[Data block Boundary: Start]

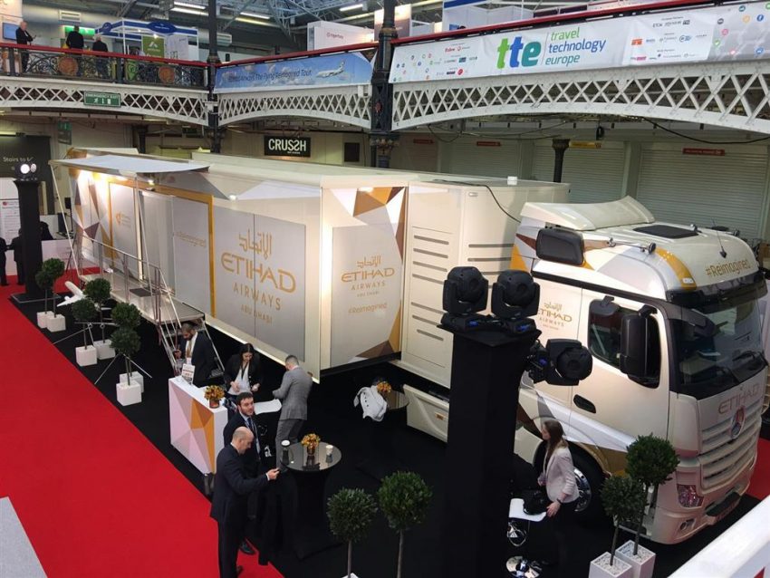 بالصور .. طيران الاتحاد يطلق معرض متنقل رائع في سوق السفر العربية
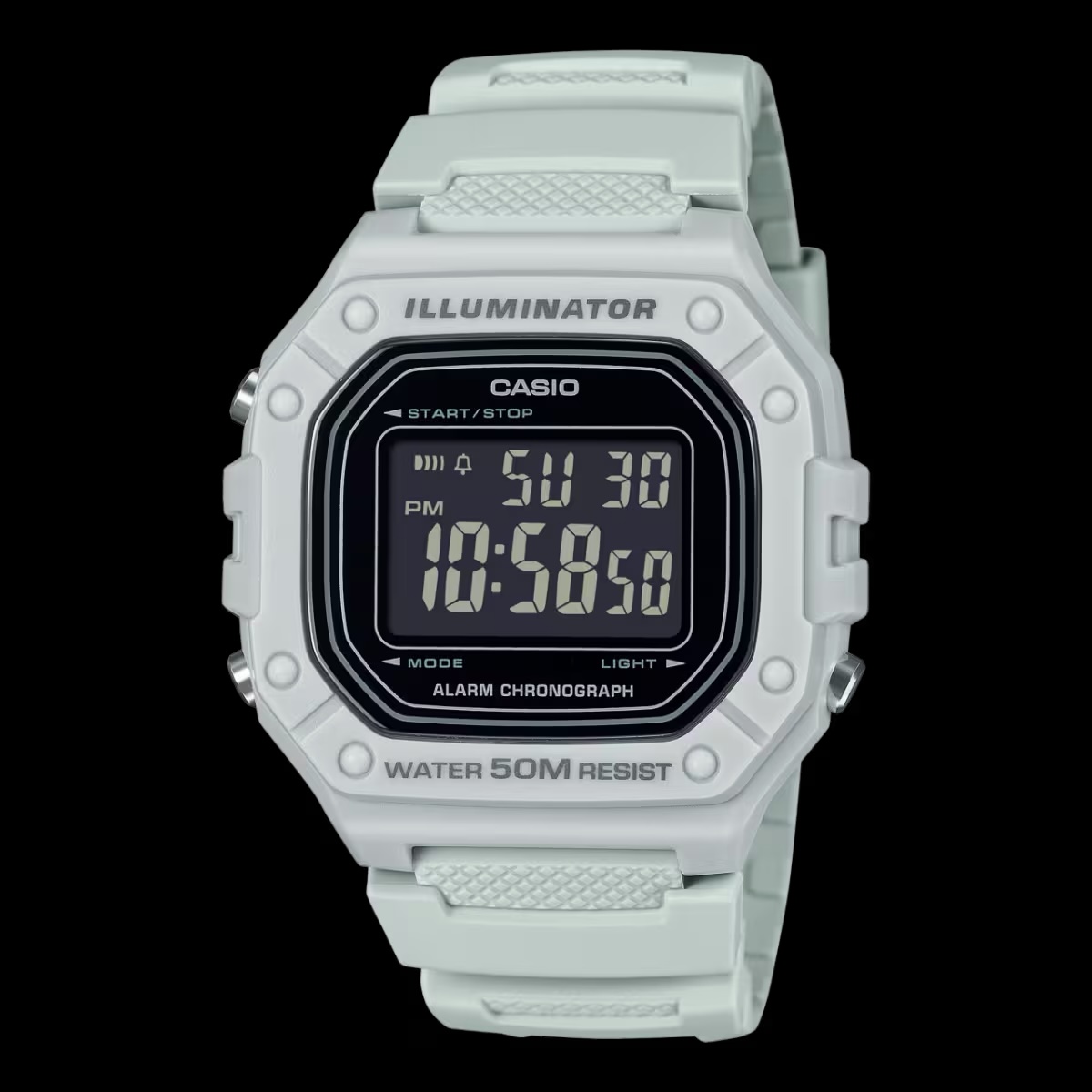 Con agujas blancas, bisel plano y una pantalla LCD que muestra fecha, día y hora mundial, combina precisión técnica con un diseño limpio. Resistente al agua hasta 100 m.
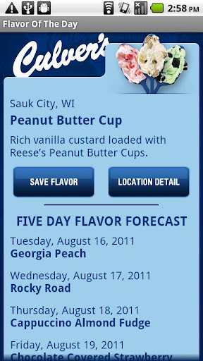 • Flavor of the Day: Never miss your favorite flavor of Culver’s creamy and, oh, so decadent Fresh Frozen Custard. Save your flavor faves, and get push notifications when they are nearby, or available at one of your favorite Culver’s locations. Plus, get a Flavor Forecast so you can plan ahead.
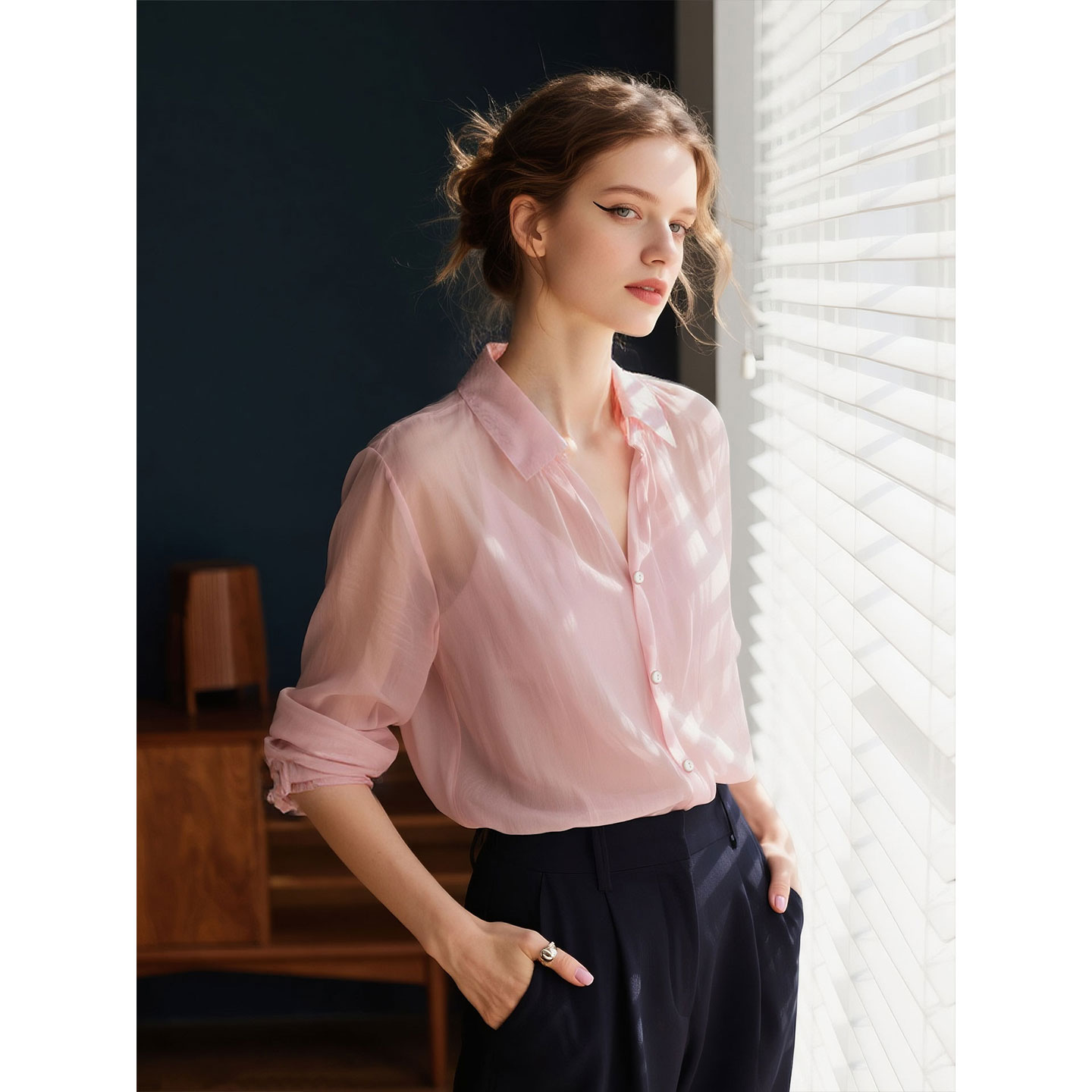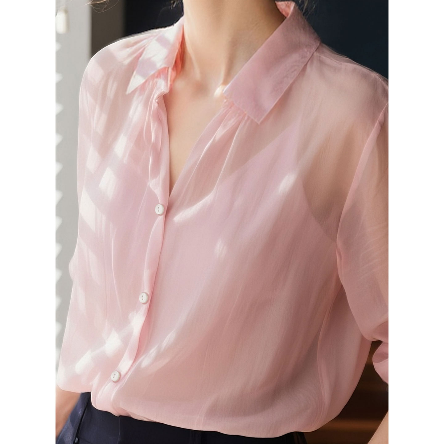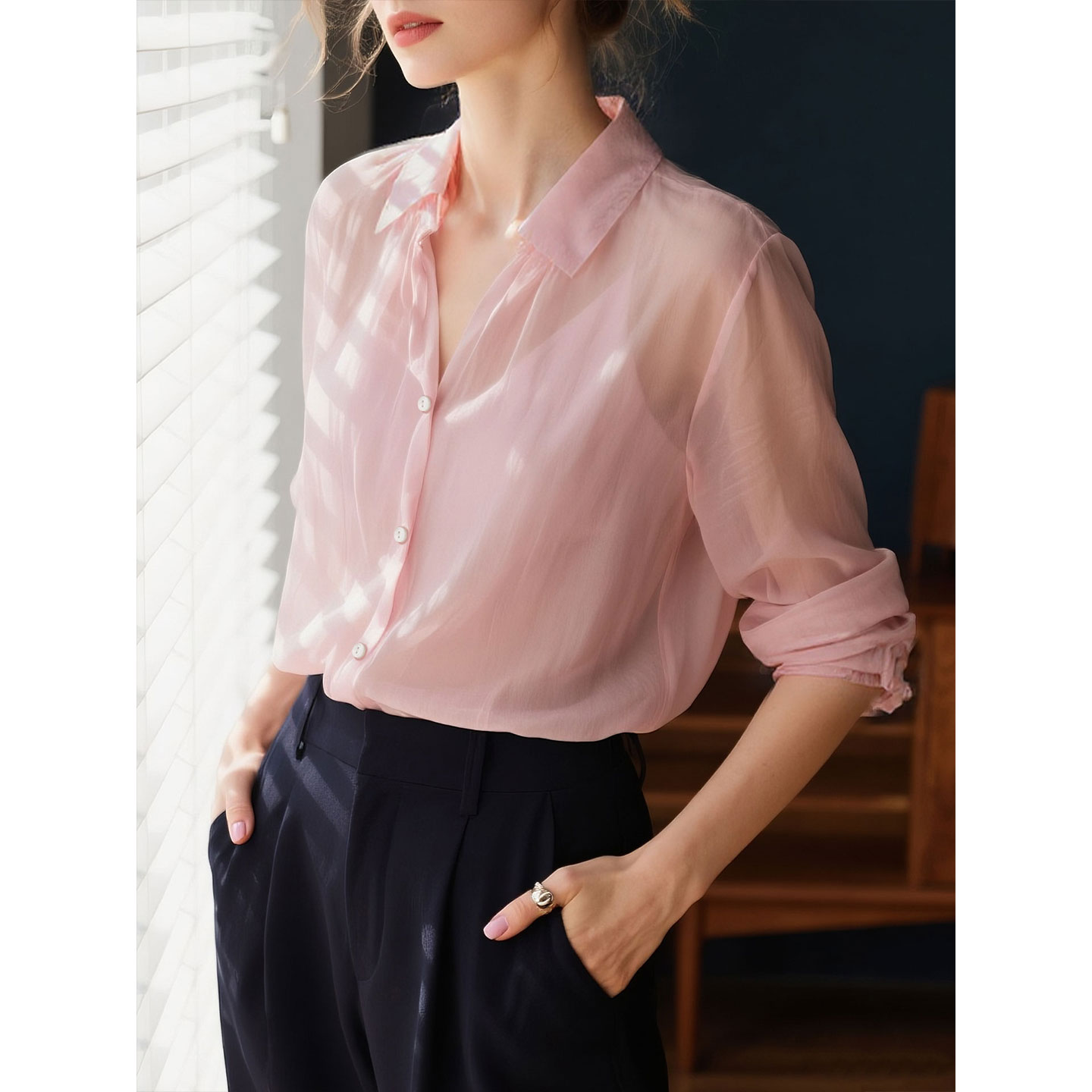 粉色V领雪纺长袖衬衫女2025年秋季新款优雅显瘦衬衣早春穿搭上衣

[Data block Boundary: End]

## [Requirement]
Copy exactly, and only, the lines from the first line of the material through the line that contains "Con agujas blancas, bisel", both ends kept; no pictures.

## [Reply]
 بالصور .. طيران الاتحاد يطلق معرض متنقل رائع في سوق السفر العربية
 Con agujas blancas, bisel plano y una pantalla LCD que muestra fecha, día y hora mundial, combina precisión técnica con un diseño limpio. Resistente al agua hasta 100 m.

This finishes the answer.